次に目を覚ましてから感じていた違和感についてです。どうやら私には前世の記憶、こことは違う世界の日本という国で十八年間生活をしていた頃の記憶があるようです。恐らく思い出すきっかけとなったのは先日の誕生日パーティーの事故でしょうね。記憶だけとはいえ今世で私が生きている倍の年月の記憶を突然思い出してしまったせいで、私自身の顔や声、環境に何ともいえない違和感を感じたのでしょう。記憶が戻る前の傲慢な性格が鳴りを潜めたのも、前世の方が濃厚な記憶だったために塗りつぶされたためでしょうね。

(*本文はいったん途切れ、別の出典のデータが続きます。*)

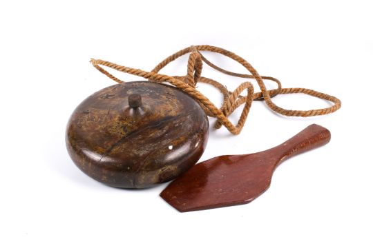 A large wooden 'gasing' or spinning top from Malaysia with rope and paddle. Diameter 23cm
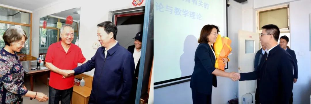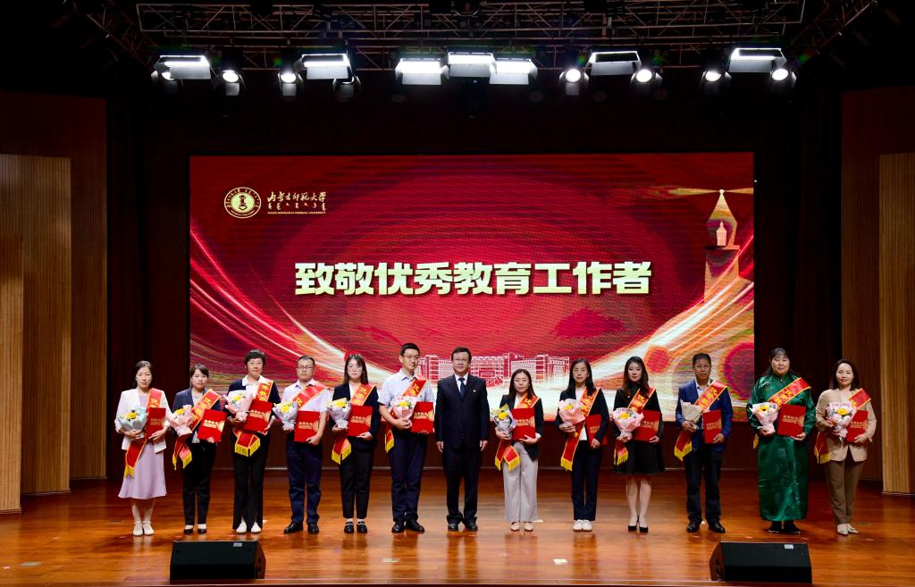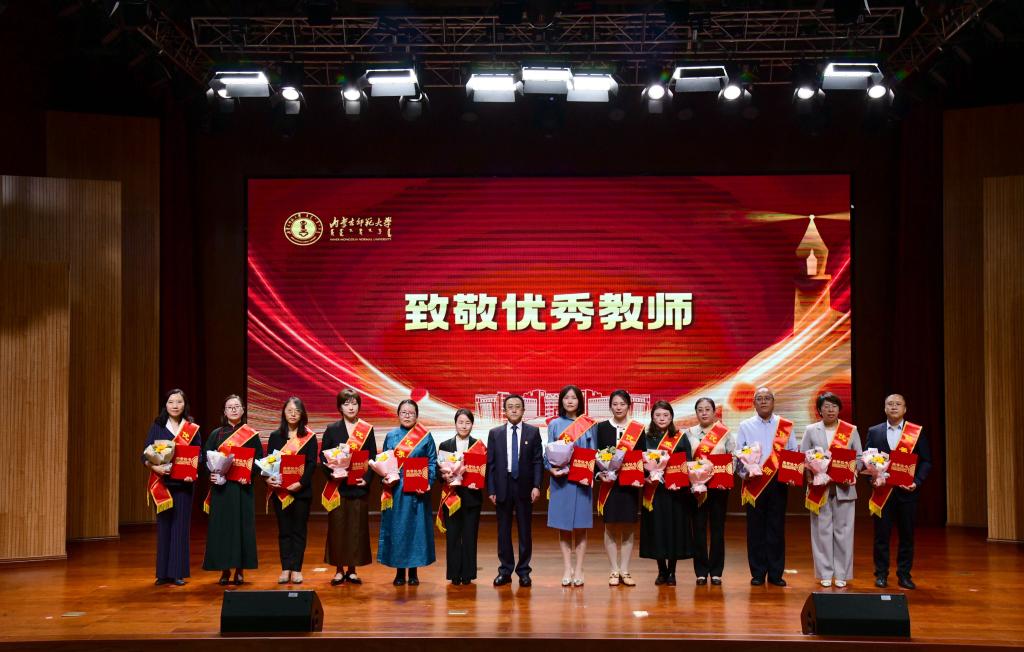 表彰大会前,为积极营造尊师重教的节日氛围,学校各单位多措并举,协同配合,开展了丰富多彩的欢庆教师节系列活动。校领导带队看望慰问了离退休老同志和一线教师代表,向他们送去节日的问候,表达了学校的关心关怀。相关部门联合举办了庆祝活动,与来自师范教育协同提质计划首师大组团院校的12位师生座谈交流。离退休教职工工作处还举办了喜迎第40个教师节“听党话、感党恩、跟党走”主题联谊会,邀请了包括退休教师代表、银歌合唱团、老年服饰队、红歌舞蹈队和蒙语合唱队在内的近120位离退休教职工参加,共同庆祝这个特别的日子。
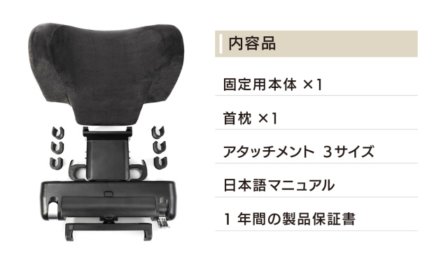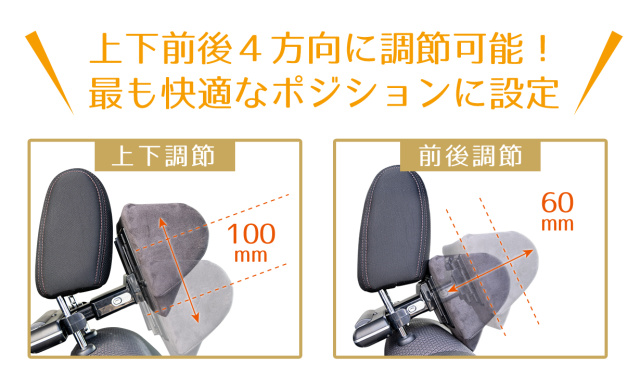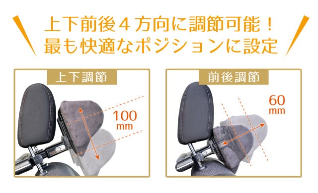 自分のお好みで最も快適な位置に調整が可能です。固定式ヘッドレストの難点を解決、前後上下調整、枕の位置を自由に変えられます。
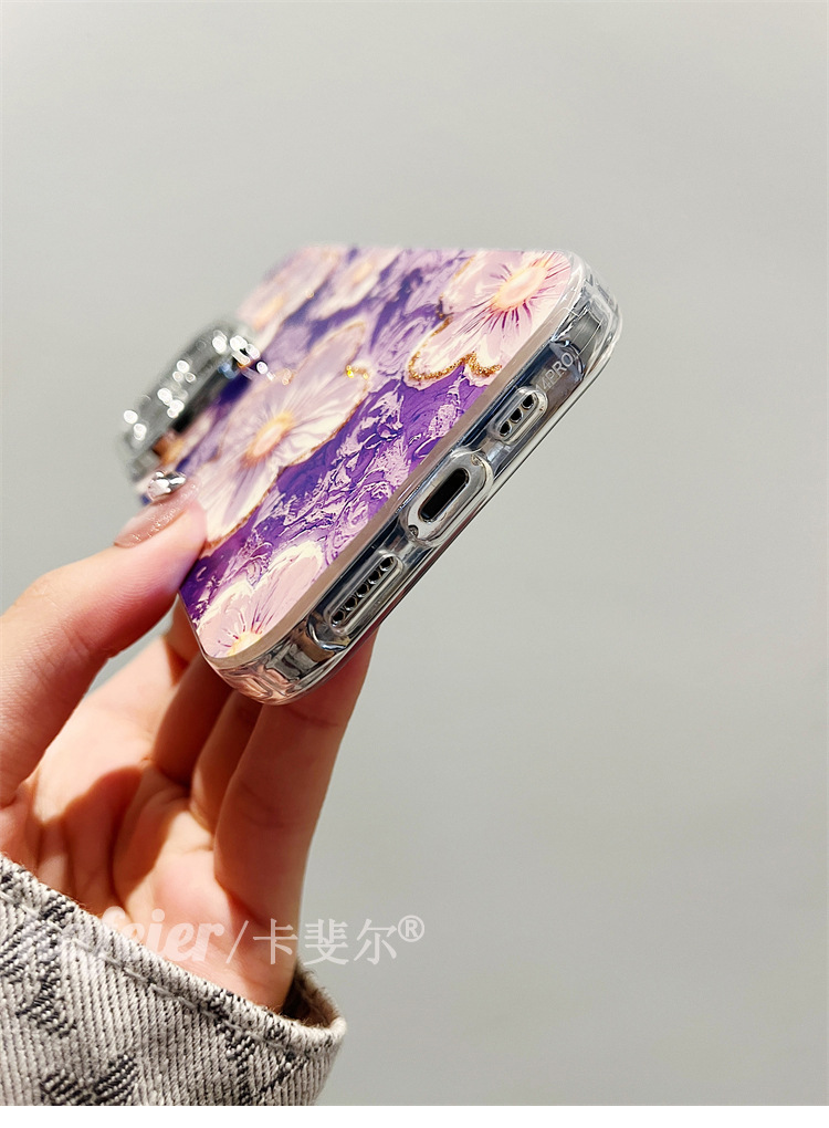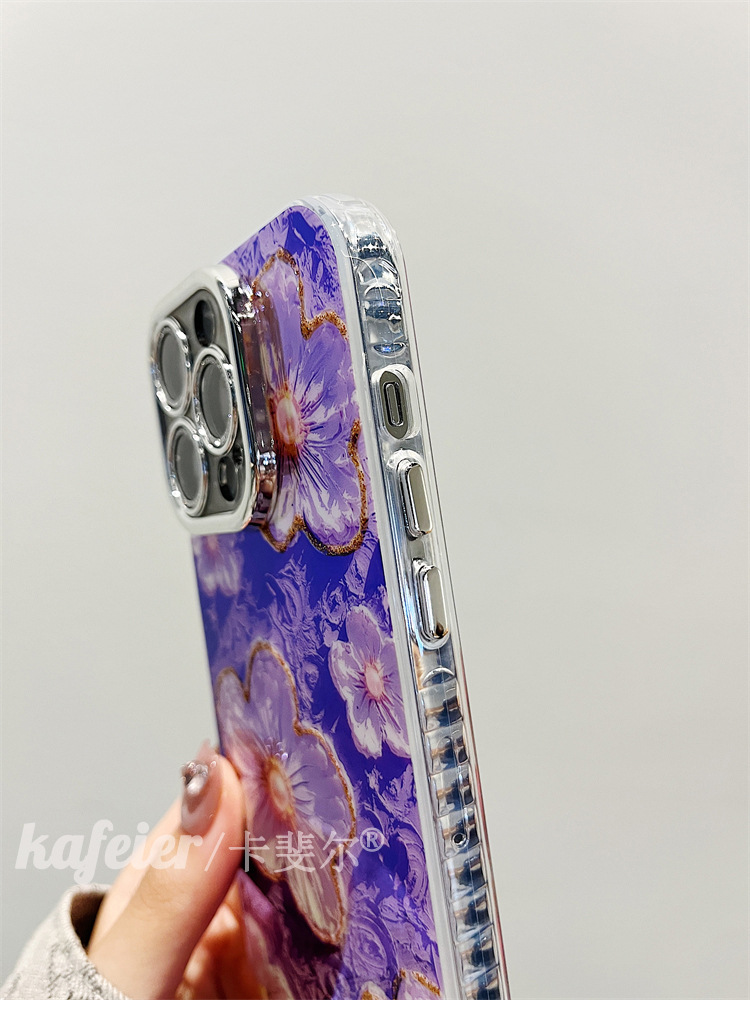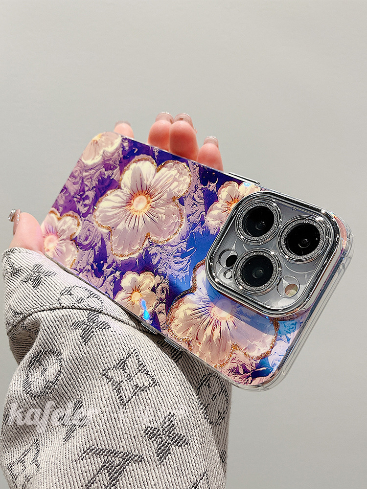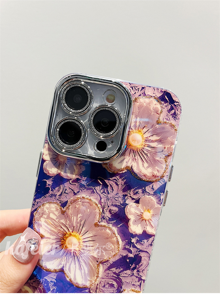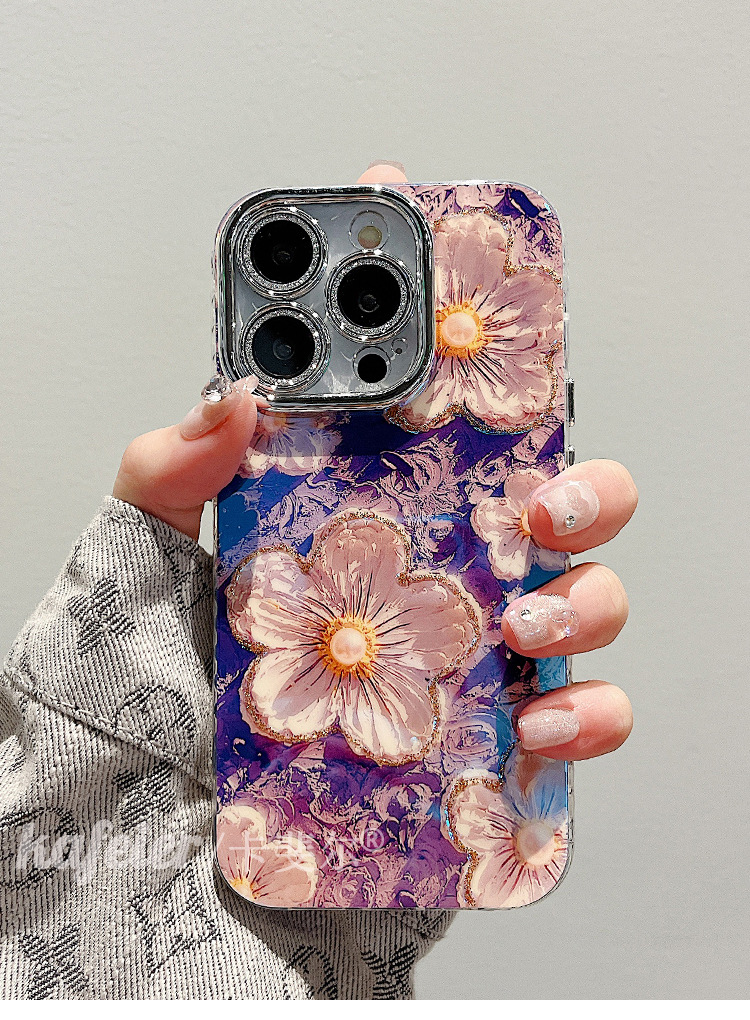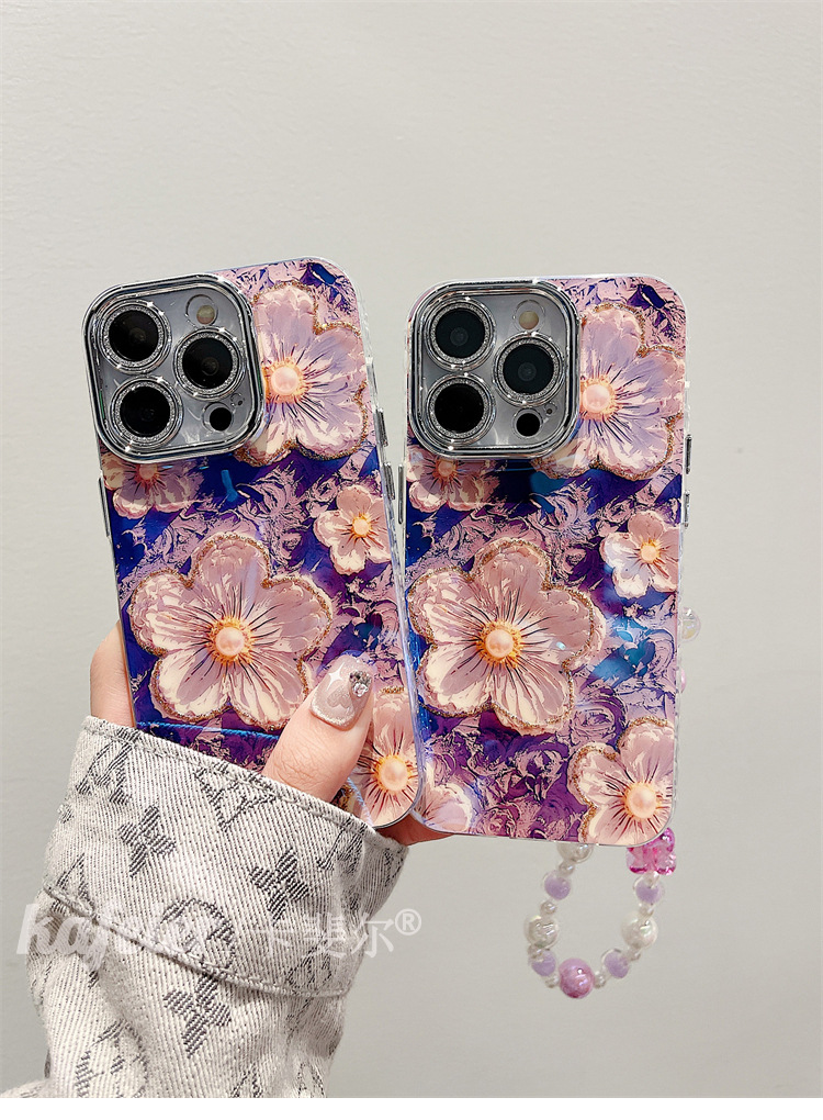 Accessories for premium blue light oil painting pearl flower chain iphone15pro max mobile phone case apple 14 new
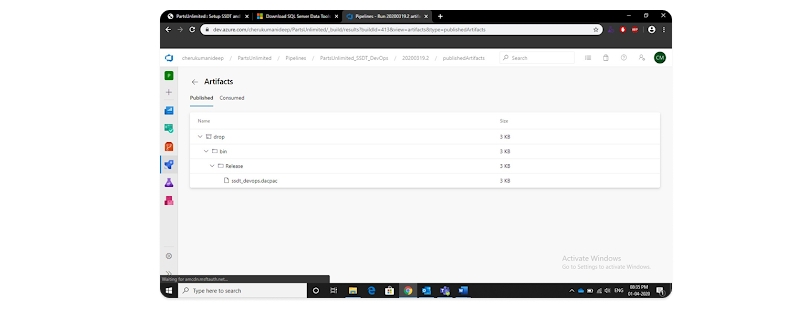 6. Expand the published artifact to verify if DACPAC is published successfully. This DACPAC will be used in the release pipeline.

何はともあれ、今は取り返しのつかないことになる前に、自分の過ちに気付けたことを素直に喜ぶべきでしょう。
さて、この前世の記憶。私の傲慢な性格を矯正してくださったり、私の役に立ちそうな知識を与えてくれたりと至れり尽くせりなのですが実は一つ、大きな問題があります。それは…
前世で私が男性だったということです。